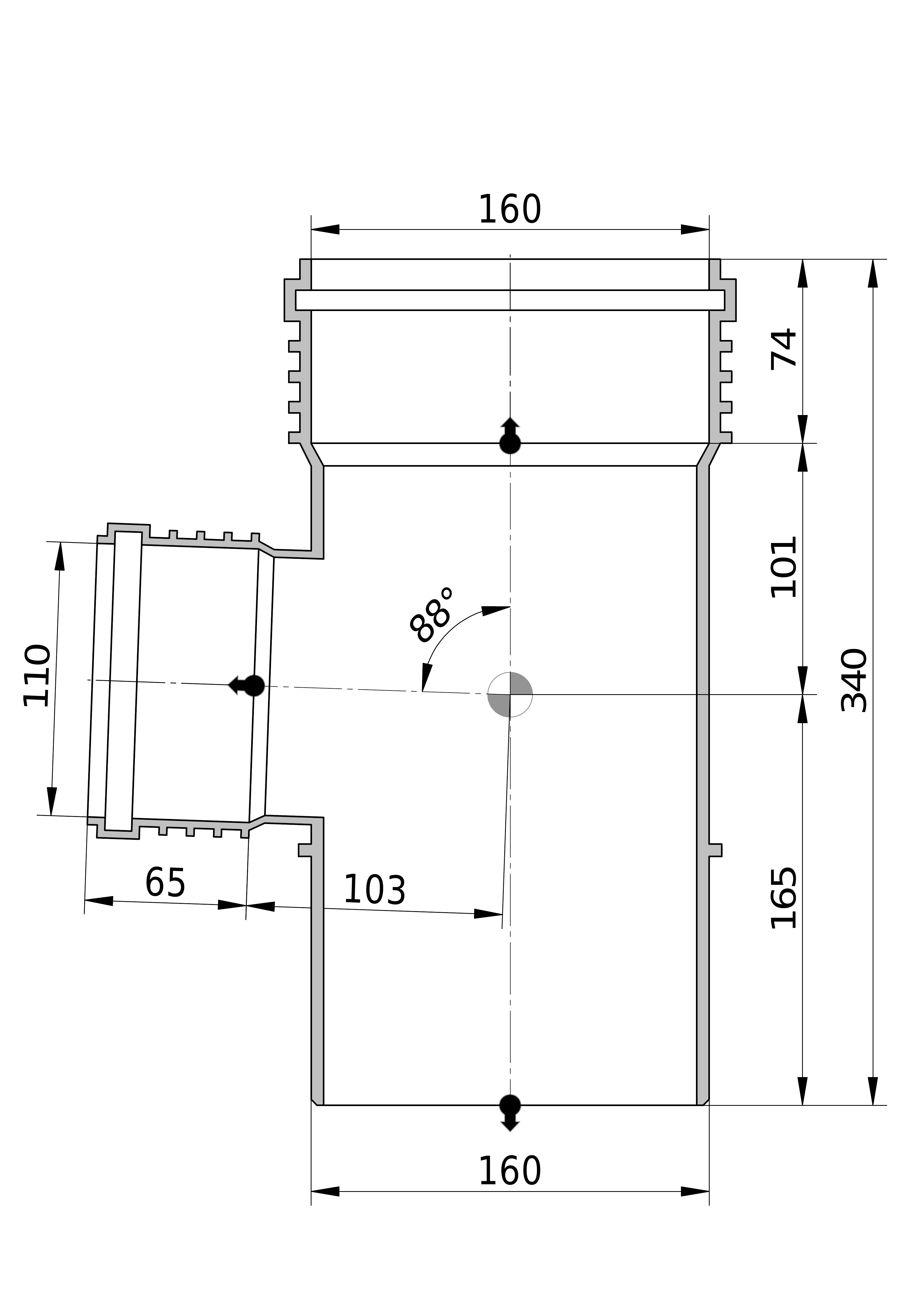 - Uitwendige buisdiameter aansluiting 2: 160 mm
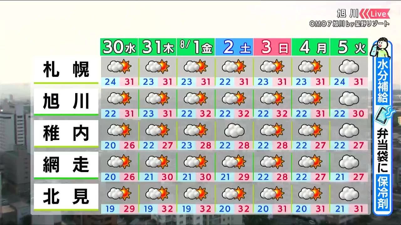旭川ではあさって木曜から3日間、旭川夏まつりが開催されます。期間中、天気の大きな崩れはないですが、暑さ対策が必要です。
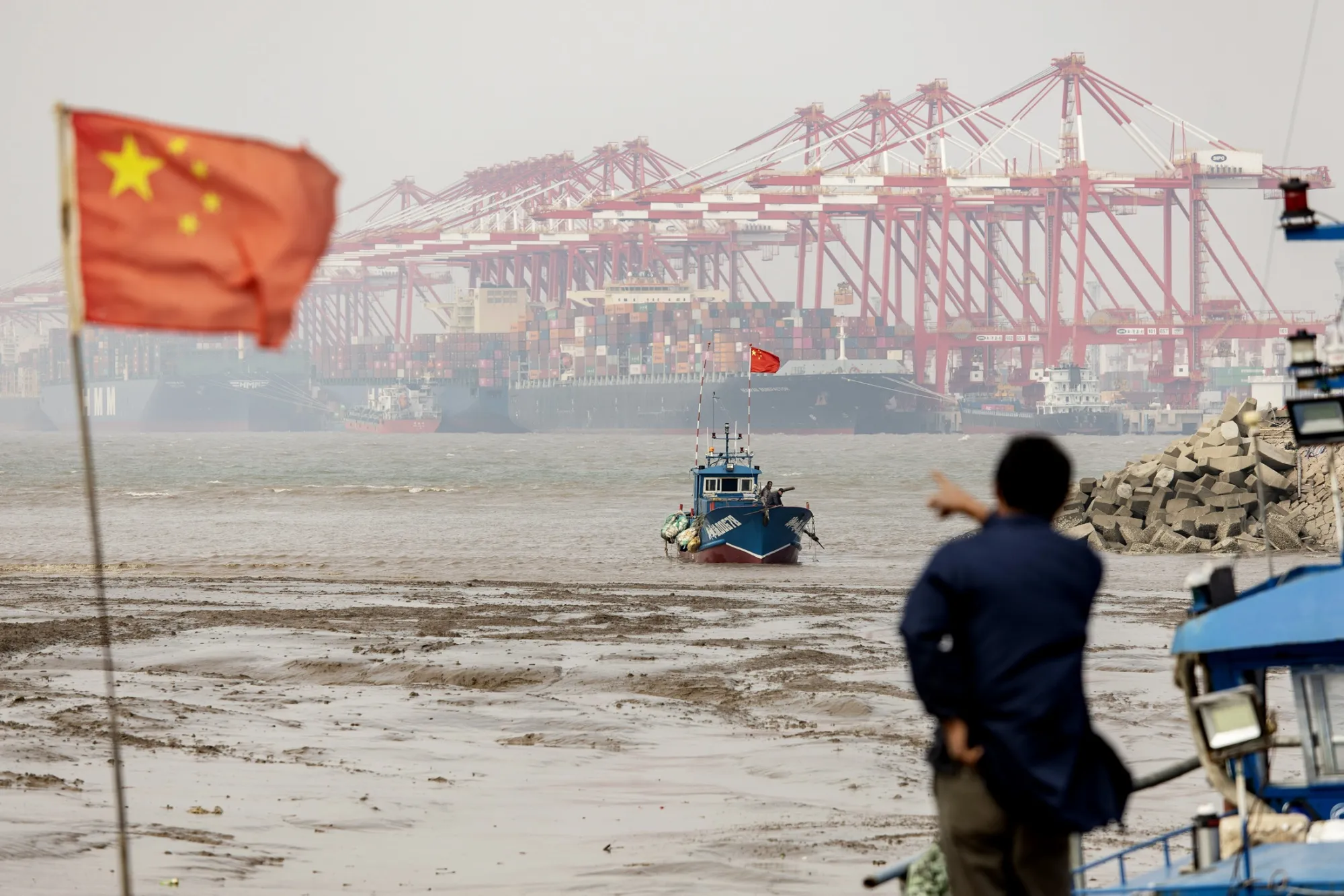 上海洋山深水港。攝影:沈開來/彭博社在中國宣佈對全部美國進口商品加徵關税以報復美國新關税措施後,美國股指期貨在週五早盤交易中進一步下跌。
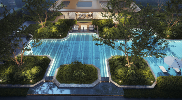 漫步社区,流动的诗篇则在脚下展开。项目在社区内部打造了一片足以媲美星级酒店的内藏“城市度假式”园林景观。尤其是那令人惊艳的超奢戏水池,碧波荡漾,与周边葱郁的绿植交相辉映,营造出浓郁的隐奢度假氛围。
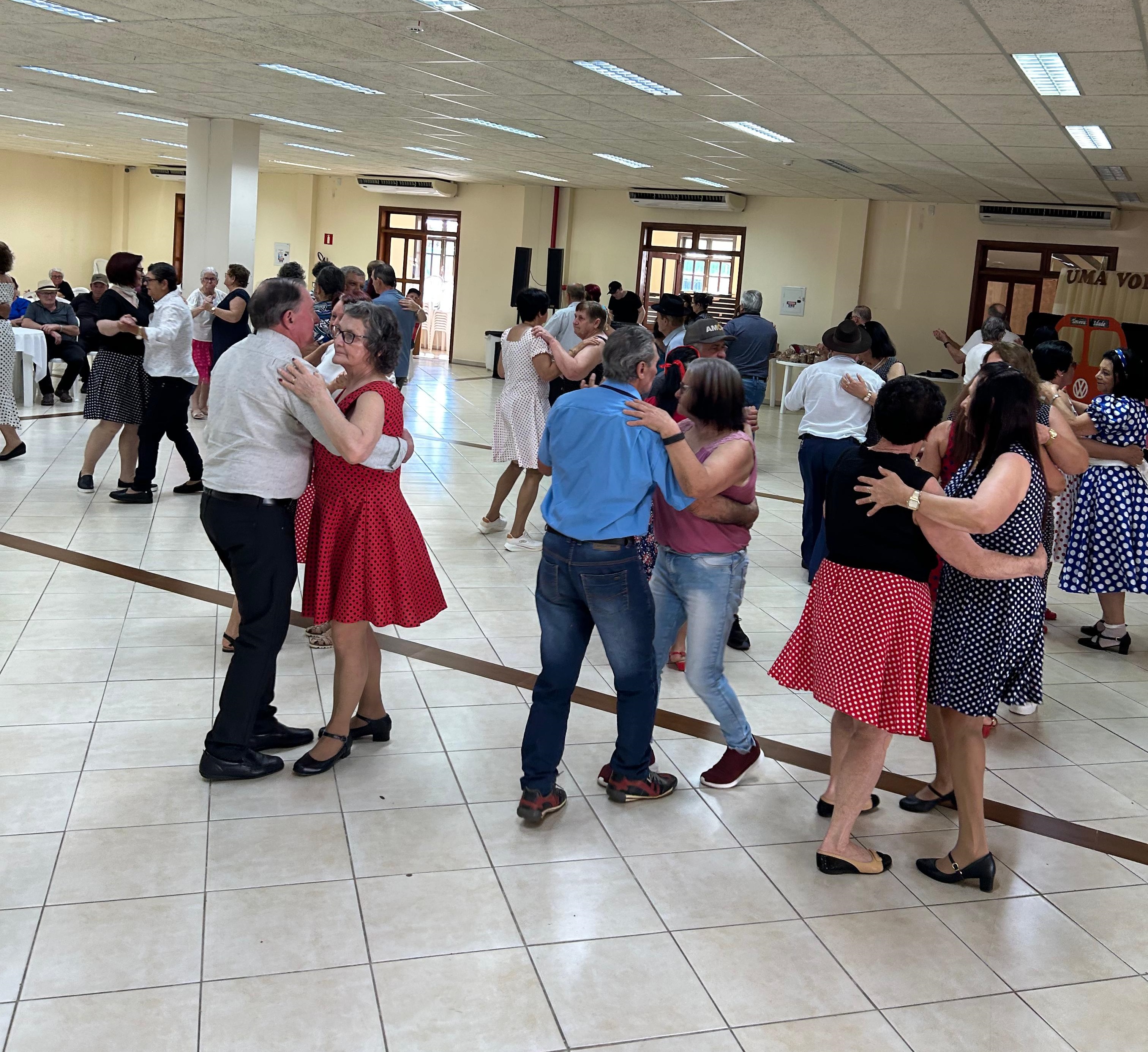 Desta vez, o encontro foi coordenado pelo grupo Sempre Unidos de Lageado Mariano e teve como tema “Uma volta aos anos 60”. O salão foi tomado por música, dança, diversão e muita celebração em uma tarde de integração e convivência.
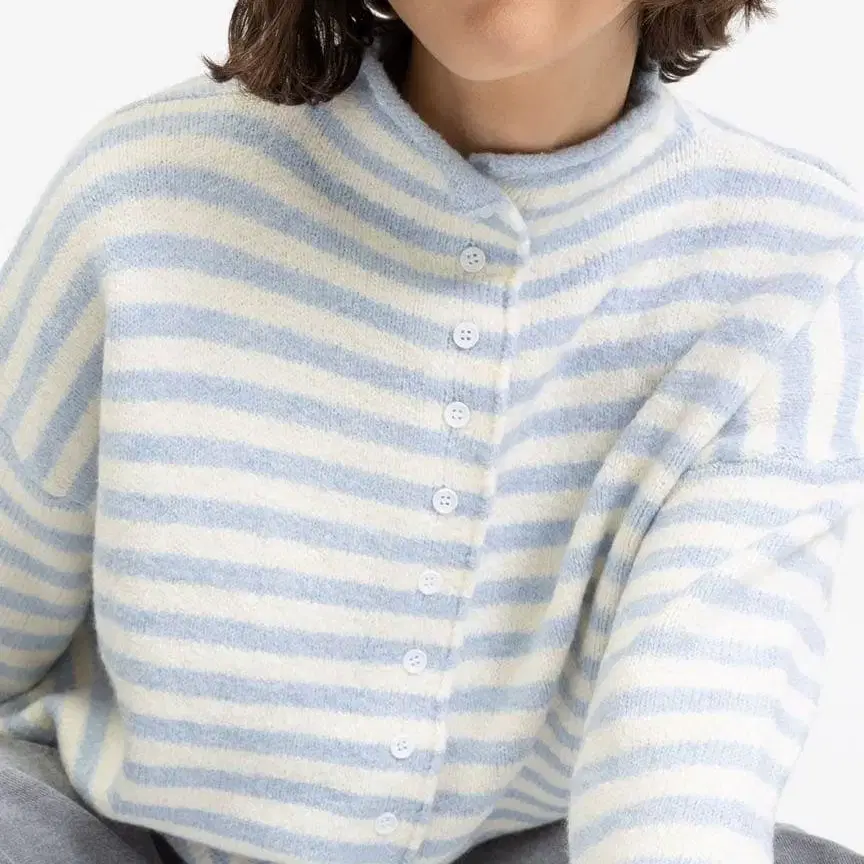 여유로운 핏감의 스트라이프 가디건. 하이 칼라. 플라켓 단추식. 총길이: 59cm, 허리 너비: 57cm (원사이즈) 컬러 - 블루 계열
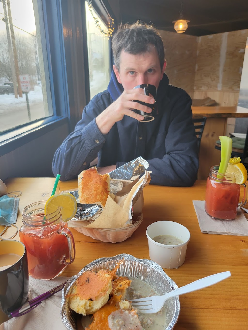 Wit & Grit is a great addition to the Central Vermont breakfast restaurant scene. My wife and I had the biscuits, sausage, and gravy and the breakfast burrito, both of which were very tasty and were definitely well crafted. The space is large enough that everybody can be well spaced so no real worries regarding Covid. They are still working out the employee thing so you may have to wait a bit to sit down if it's crowded or to get your coffee refill but the owners have a great attitude and make every effort to keep you happy. I'm hoping they can transition from plastic utensils and take-out containers to flatware and plates soon since I hate to produce any more trash than I need to. But as a past restaurant owner myself, I understand how overwhelming the first few months of running a restaurant can be and they are off to a great start, with good food, positive attitudes, and a nice space. So give them some love and head over to Wit & Grit and try them out!
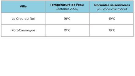 Température de l’eau pour le Gard : aux alentours de 19 degrés en moyenne pour le mois d’octobre 2025, contre une moyenne des normales saisonnières de 19°C.
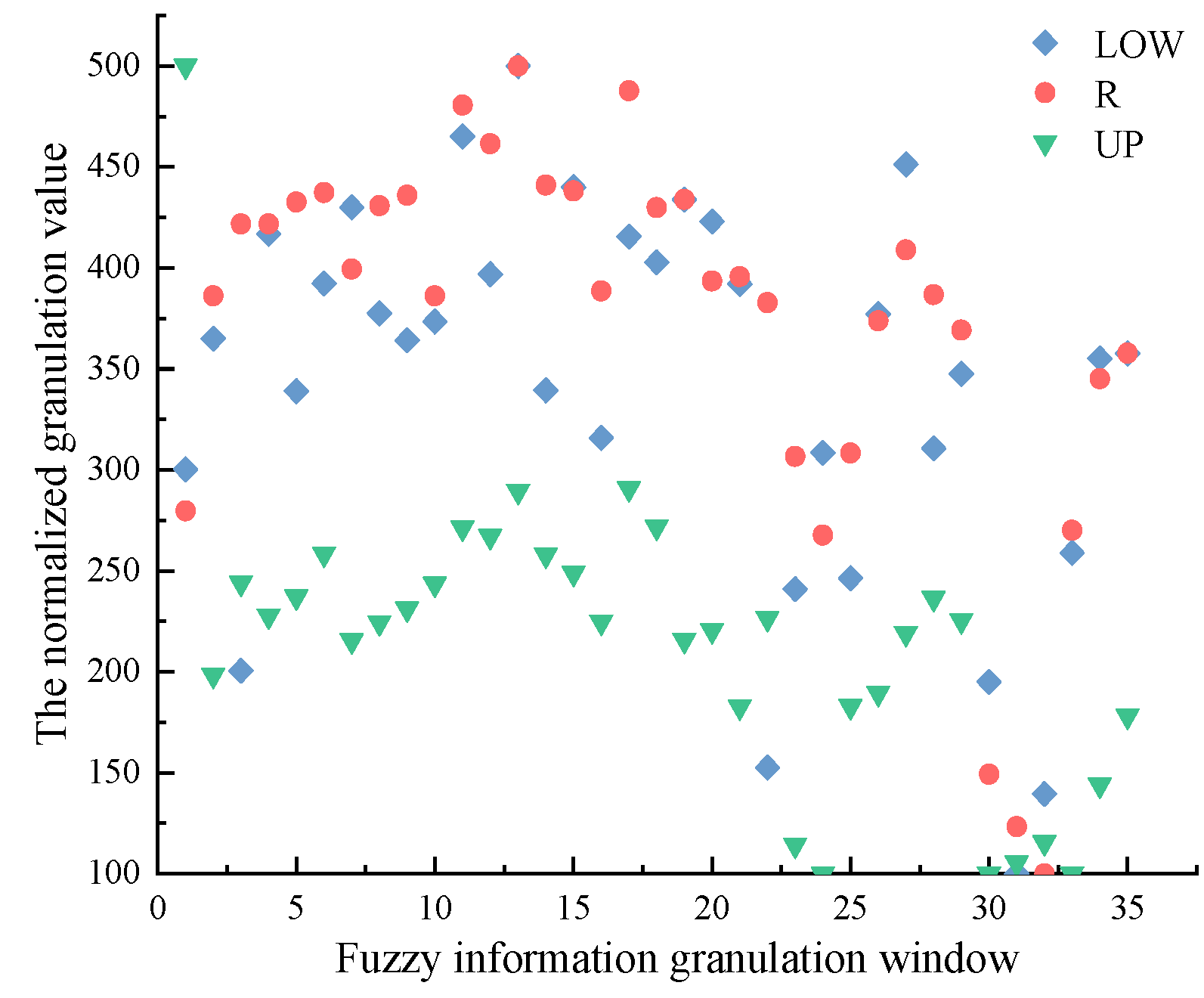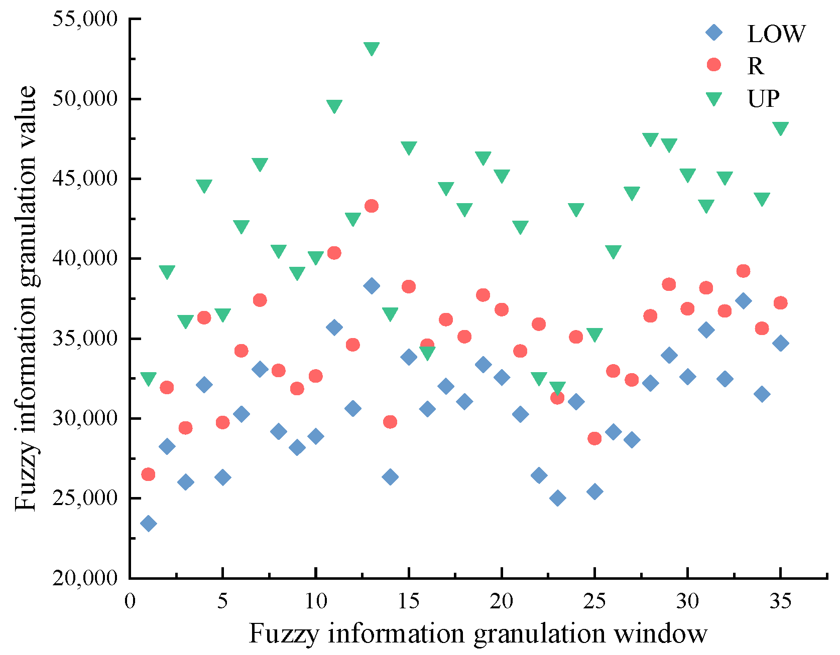 (1) This paper applies a fuzzy information granulation method, which reduces the spatiotemporal complexity of bus passenger flow data while preserving its valid information, and constructs a FIG-IWOA-BiGRU-based model for forecasting bus passenger flow fluctuation trends and spatial distribution. The MAPE values of the forecasting results for the fuzzy-granulated LOW, R, and UP window data are 7.8%, 8.1%, and 8.5%, respectively. Compared with existing forecasting models, these values improve by 1.3–3.5%, 1.5–3.7%, and 1.7–4.0%, demonstrating good prediction accuracy and robustness. The findings contribute to the reasonable prediction of bus passenger flow fluctuation trends and spatial patterns, providing data support and decision-making references for bus operation scheduling plans and for passengers in planning travel routes and times.
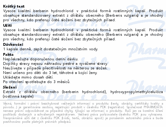 Vysoce kvalitní berberin hydrochlorid v praktické formě rostlinných kapslí. Produkt obsahuje standardizovaný extrakt z dřišťálu obecného (Berberis vulgaris) a je vhodný pro všechny, kdo preferují čisté složení bez zbytečných přísad.
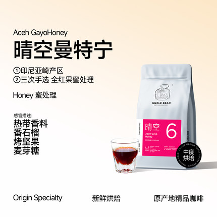 豆叔晴空印尼曼特宁蜜处理阿拉比卡咖啡豆单品咖啡手冲美式黑咖啡
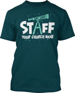 VBS can get a little crazy. Especially with all the members bustling from station to station. Make sure you always know where your leaders are with this shirt. 'Staff' in large letters...and glow ink. You know, just in case they end up working late for another awesome tomorrow.

*Work request*. Reproduce the material above from its first line through the line containing "漫步社区,流动的诗篇则在脚下", both ends included, and skip every picture.

*Written solution*.
 - Uitwendige buisdiameter aansluiting 2: 160 mm
旭川ではあさって木曜から3日間、旭川夏まつりが開催されます。期間中、天気の大きな崩れはないですが、暑さ対策が必要です。
 上海洋山深水港。攝影:沈開來/彭博社在中國宣佈對全部美國進口商品加徵關税以報復美國新關税措施後,美國股指期貨在週五早盤交易中進一步下跌。
 漫步社区,流动的诗篇则在脚下展开。项目在社区内部打造了一片足以媲美星级酒店的内藏“城市度假式”园林景观。尤其是那令人惊艳的超奢戏水池,碧波荡漾,与周边葱郁的绿植交相辉映,营造出浓郁的隐奢度假氛围。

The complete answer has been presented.